Talacotuzumab, a humanized anti-CD123 monoclonal antibody, was evaluated in combination with decitabine in elderly patients with acute myeloid leukemia (AML) not eligible for intensive chemotherapy. A multicenter, phase 2/3 study was initiated to determine the recommended phase 2 dose (RP2D) of talacotuzumab (Part A) followed by an open-label, randomized comparison of talacotuzumab in combination with decitabine versus decitabine alone to assess achievement of complete response (CR) and overall survival (OS) in Part B. Ten patients were enrolled in Part A and 316 in Part B; the results presented here are based on a database lock on January 25, 2018. Part A confirmed the RP2D of talacotuzumab to be 9 mg/kg. In Part B, CR was achieved in 12/80 (15%) patients receiving combination therapy and in 9/82 (11%) patients receiving decitabine alone (odds ratio: 1.4; 95% confidence interval [CI]: 0.6–3.6; p = 0.44). Median (95% CI) OS was 5.36 (4.27–7.95) months for combination therapy versus 7.26 (6.47–8.64) months for decitabine alone (hazard ratio: 1.04; 95% CI: 0.79–1.37; p = 0.78). Combination therapy showed no improvement in efficacy versus decitabine alone, resulting in the Independent Data Monitoring Committee’s recommendation of early termination of enrollment and discontinuation of talacotuzumab treatment.

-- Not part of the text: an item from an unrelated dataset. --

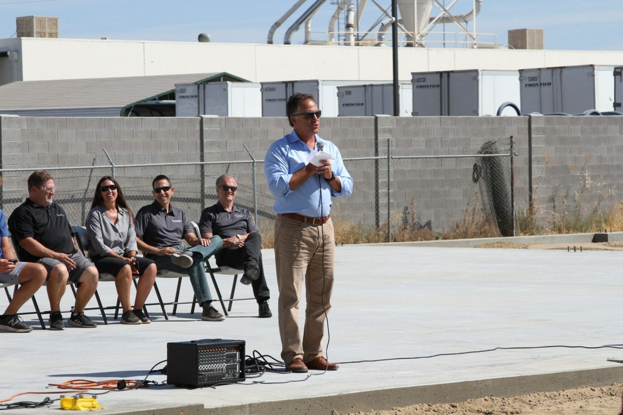 A man is standing in front of a group of people at Supreme Boats.

在不适合强化化疗的老年急性髓细胞性白血病（AML）老年患者中，评估了Talacotuzumab（人源化抗CD123单克隆抗体）与地西他滨联合治疗的情况。开始了一项多中心的2/3期研究，以确定他曲妥珠单抗的推荐的第2期剂量（RP2D）（A部分），然后对他曲妥珠单抗联合地西他滨与地西他滨的开放标签随机比较，以评估完全缓解的情况B部分的（CR）和总生存期（OS）。A部分招募了10名患者，B部分招募了316名患者。此处显示的结果是基于2018年1月25日的数据库锁定。A部分确认了talacotuzumab的RP2D为9 mg / kg。在B部分中p  = 0.44）。联合治疗的中位（95％CI）OS为5.36（4.27–7.95）个月，而单独的地西他滨为7.26（6.47–8.64）个月（危险比：1.04； 95％CI：0.79–1.37；p  = 0.78）。与单独使用地西他滨相比，联合治疗并未显示出疗效的改善，因此，独立数据监测委员会（Independent Data Monitoring Committee）提出了一项建议，即应尽早终止研究和中止他拉卡珠单抗的治疗。